As provided in Fryman v. Electric Steam Radiator Corp.,9 "`deliberate intention' [has been interpreted to mean] that the employer must have determined to injure an employee and used some means appropriate to that end, and there must be specific intent."10 "`The defendant who acts in the belief or consciousness that the act is causing an appreciable risk of harm to another may be negligent, and if the risk is great the conduct may be characterized as reckless or wanton, but it is not an intentional wrong.'"11

The United States District Court for the Eastern District of Kentucky recently encountered the exception to the exclusivity provision of the Kentucky Workers' Compensation Act and determined that without evidence that the employers acted to harm employees, evidence that the employers knew that employees would be exposed to chemicals that caused cancer but did not take measures to reduce or alleviate risks, was insufficient to give rise to a tort cause of action under the deliberate intention exception to the exclusivity provision of Kentucky's Workers' Compensation Act.12

In Tennessee, where a deliberate intention must also be established to avoid the exclusivity of the Workers' Compensation Act, evidence of an employer's failure to follow safety regulations and a history of disregarding safety regulations13 or permitting dangerous working conditions14 has been found insufficient to establish that an employer had actual intent to injure an employee.

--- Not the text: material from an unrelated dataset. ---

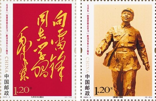 《毛澤東“向雷鋒同志學(xué)習(xí)”題詞發(fā)表六十周年》紀(jì)念郵票一套2枚,圖案名稱分別為“毛澤東同志題詞”“《雷鋒》雕塑”

Many other states in which Workers' Compensation exclusivity is abrogated when the employer intentionally causes injury or death, have concluded that violations of OSHA regulations or other safety standards alone do not rise to the level of an intentional wrong necessary to overcome the Workers' Compensation exclusivity provisions15 because mere knowledge and appreciation of the risk involved in an act is not the same as the intent to cause the injury.16 Mere carelessness or negligence, however gross, wanton or reckless, does not establish such intent.17

From a review of the trial proceedings and the evidence presented therein, we determine that the trial court's grant of JNOV was appropriate, as "it is the...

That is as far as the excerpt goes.